# STUDY MATERIAL
* * * * *

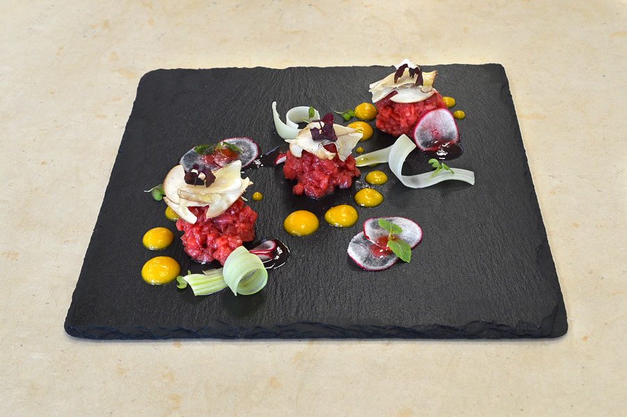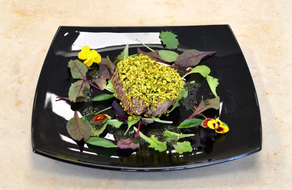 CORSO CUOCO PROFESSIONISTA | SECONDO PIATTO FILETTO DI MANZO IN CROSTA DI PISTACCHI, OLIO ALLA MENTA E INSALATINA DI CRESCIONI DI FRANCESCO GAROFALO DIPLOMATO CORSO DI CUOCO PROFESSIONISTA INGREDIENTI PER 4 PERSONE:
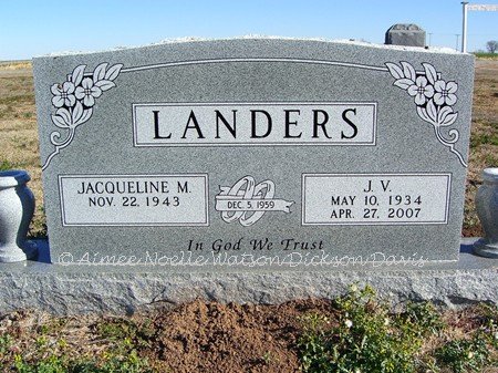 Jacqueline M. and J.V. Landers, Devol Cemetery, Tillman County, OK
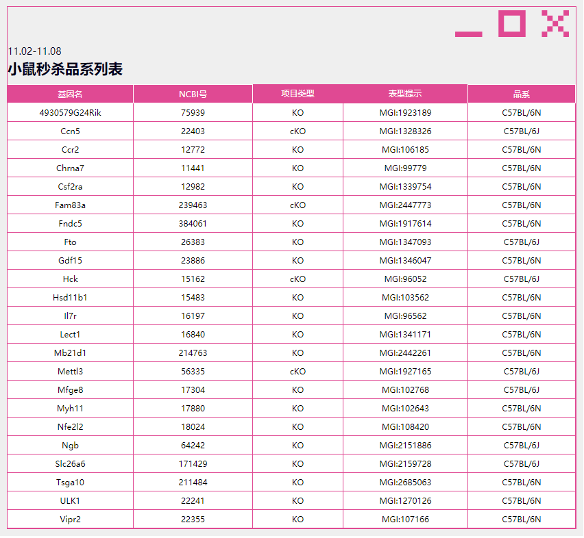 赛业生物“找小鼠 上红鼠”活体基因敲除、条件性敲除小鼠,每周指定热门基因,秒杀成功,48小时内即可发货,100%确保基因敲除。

* * * * *

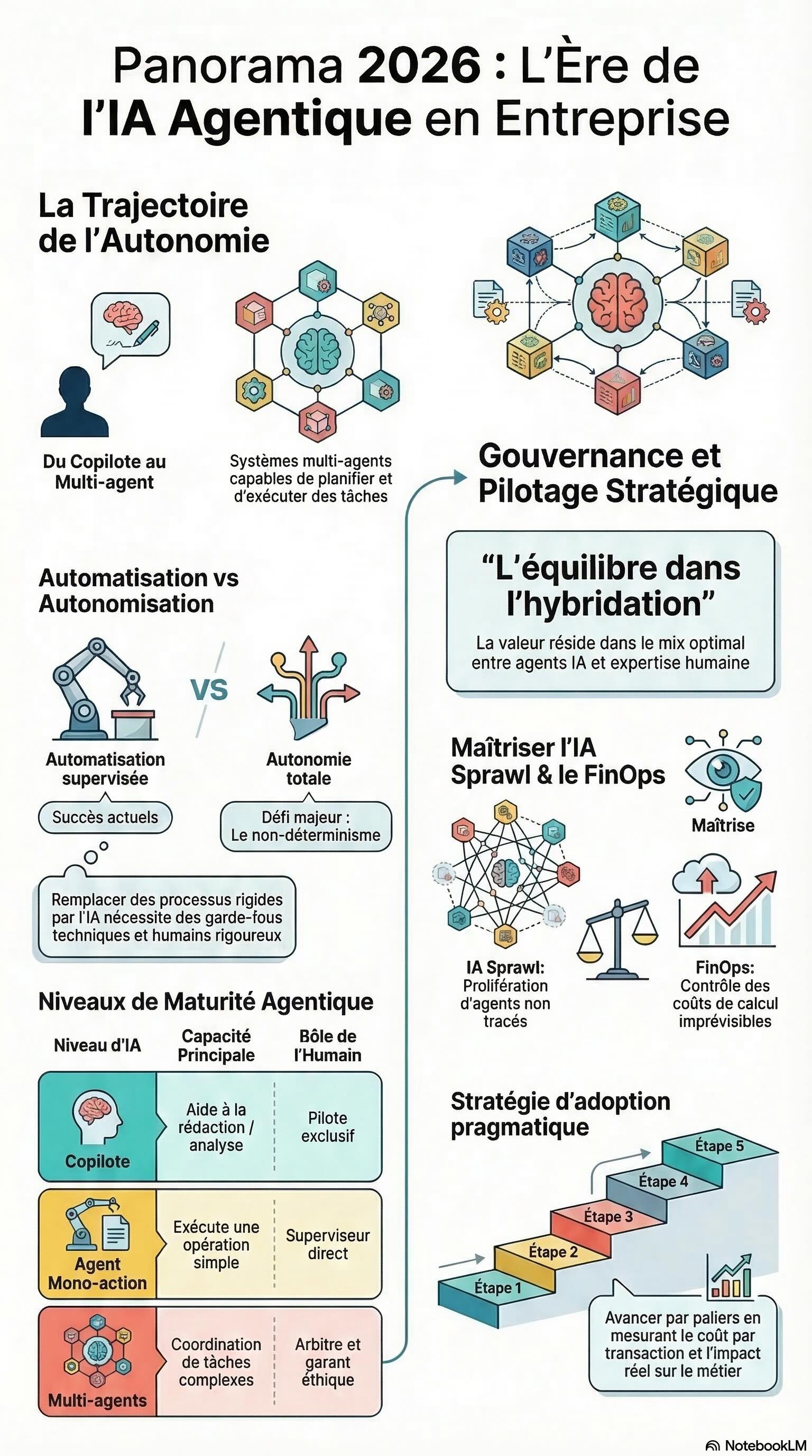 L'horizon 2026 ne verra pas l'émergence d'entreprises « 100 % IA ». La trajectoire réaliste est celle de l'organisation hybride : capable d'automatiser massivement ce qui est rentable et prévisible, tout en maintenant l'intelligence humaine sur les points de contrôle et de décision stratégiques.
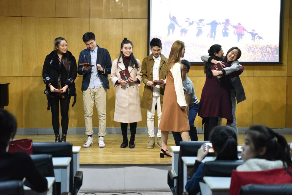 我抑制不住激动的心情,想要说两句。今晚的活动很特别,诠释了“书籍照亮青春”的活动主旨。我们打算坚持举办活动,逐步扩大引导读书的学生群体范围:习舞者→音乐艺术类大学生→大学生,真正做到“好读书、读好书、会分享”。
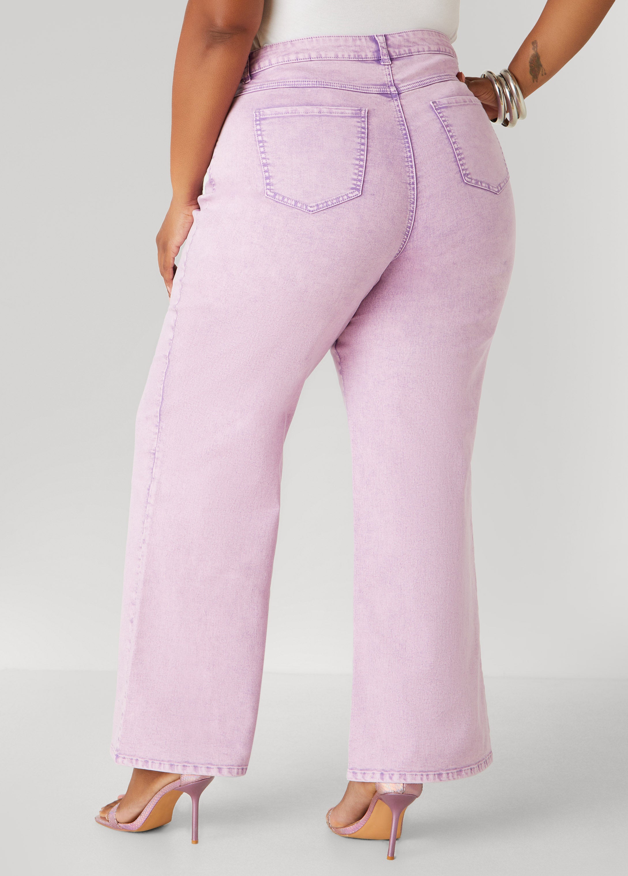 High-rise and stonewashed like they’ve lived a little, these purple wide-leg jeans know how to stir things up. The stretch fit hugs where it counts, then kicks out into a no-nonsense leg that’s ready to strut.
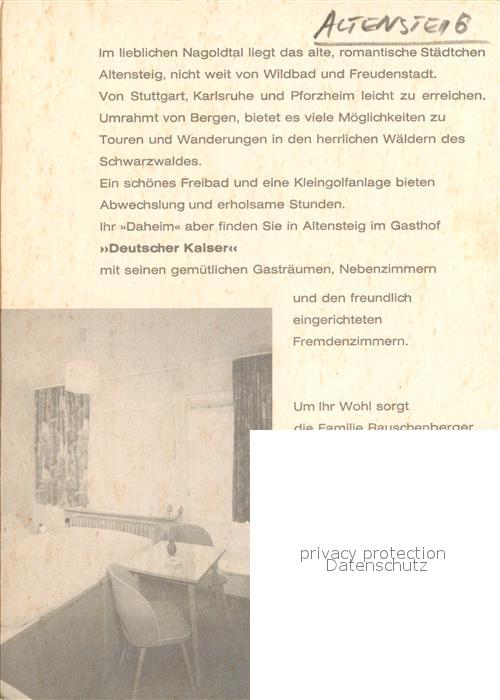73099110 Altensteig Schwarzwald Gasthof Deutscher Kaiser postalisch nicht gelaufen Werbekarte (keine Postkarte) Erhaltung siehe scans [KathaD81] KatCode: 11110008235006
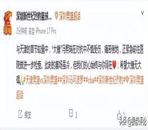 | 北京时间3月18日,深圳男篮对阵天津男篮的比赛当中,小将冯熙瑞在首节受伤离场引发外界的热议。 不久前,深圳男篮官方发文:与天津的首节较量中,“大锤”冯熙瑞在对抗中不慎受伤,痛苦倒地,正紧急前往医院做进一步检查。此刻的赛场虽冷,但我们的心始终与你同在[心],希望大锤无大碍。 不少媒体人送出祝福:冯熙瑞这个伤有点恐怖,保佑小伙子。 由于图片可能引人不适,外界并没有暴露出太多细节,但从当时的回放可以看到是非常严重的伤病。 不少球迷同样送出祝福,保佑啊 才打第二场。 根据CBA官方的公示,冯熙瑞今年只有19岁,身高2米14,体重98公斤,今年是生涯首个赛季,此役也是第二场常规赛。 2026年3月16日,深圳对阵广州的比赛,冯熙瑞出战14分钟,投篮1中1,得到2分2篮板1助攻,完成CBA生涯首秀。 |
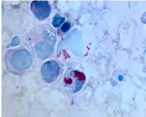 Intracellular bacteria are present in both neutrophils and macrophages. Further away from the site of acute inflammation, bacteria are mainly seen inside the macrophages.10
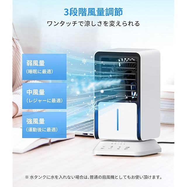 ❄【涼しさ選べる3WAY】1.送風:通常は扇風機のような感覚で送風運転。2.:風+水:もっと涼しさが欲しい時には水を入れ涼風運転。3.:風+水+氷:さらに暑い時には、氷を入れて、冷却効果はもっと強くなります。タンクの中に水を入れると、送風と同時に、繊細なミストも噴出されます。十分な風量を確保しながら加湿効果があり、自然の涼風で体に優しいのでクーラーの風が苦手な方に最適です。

* * * * *

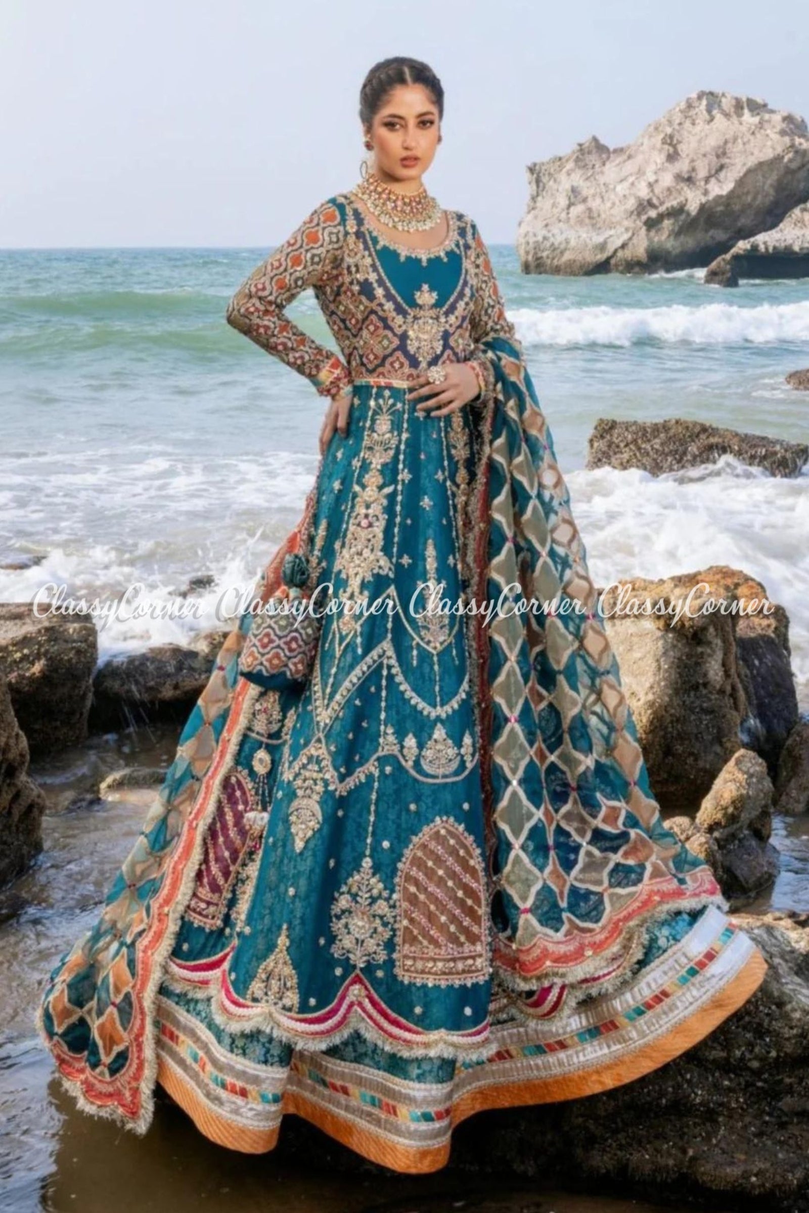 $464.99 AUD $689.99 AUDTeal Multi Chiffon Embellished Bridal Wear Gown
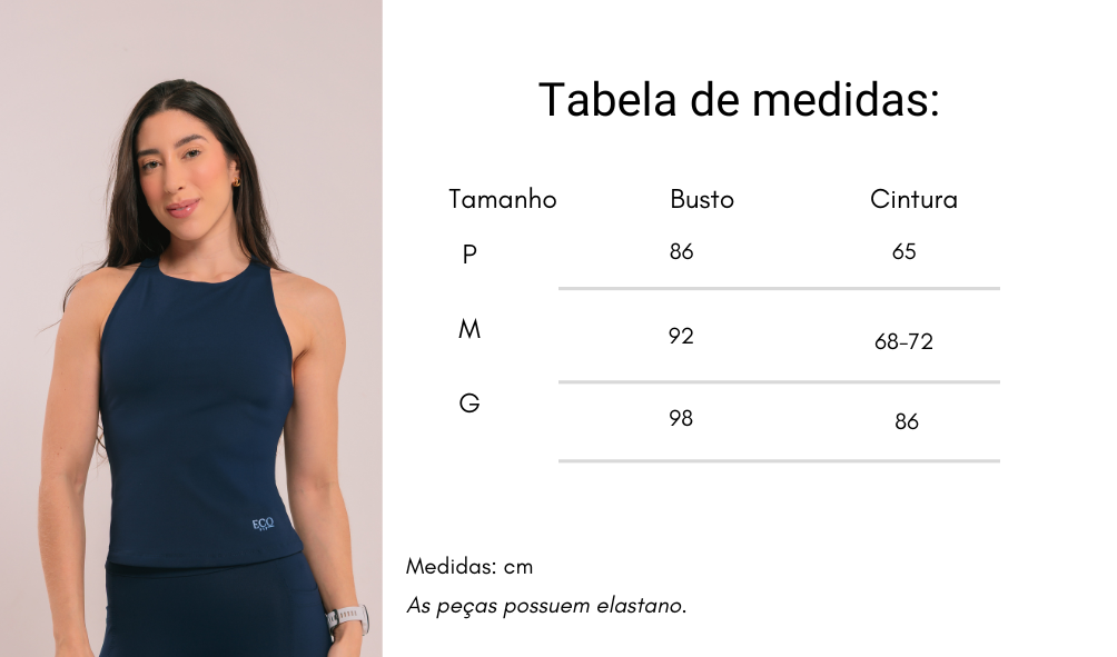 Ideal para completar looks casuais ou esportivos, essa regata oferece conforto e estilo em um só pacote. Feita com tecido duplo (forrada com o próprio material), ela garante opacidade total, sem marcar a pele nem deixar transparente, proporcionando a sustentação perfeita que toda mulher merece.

* * * * *

# THE TASK
Please set down, exactly and with no pictures, the lines in the entries above starting at the one holding "Bridal Wear Gown" and ending at the one holding "Ideal para completar", ends included.

# YOUR SOLUTION
 $464.99 AUD $689.99 AUDTeal Multi Chiffon Embellished Bridal Wear Gown
 Ideal para completar looks casuais ou esportivos, essa regata oferece conforto e estilo em um só pacote. Feita com tecido duplo (forrada com o próprio material), ela garante opacidade total, sem marcar a pele nem deixar transparente, proporcionando a sustentação perfeita que toda mulher merece.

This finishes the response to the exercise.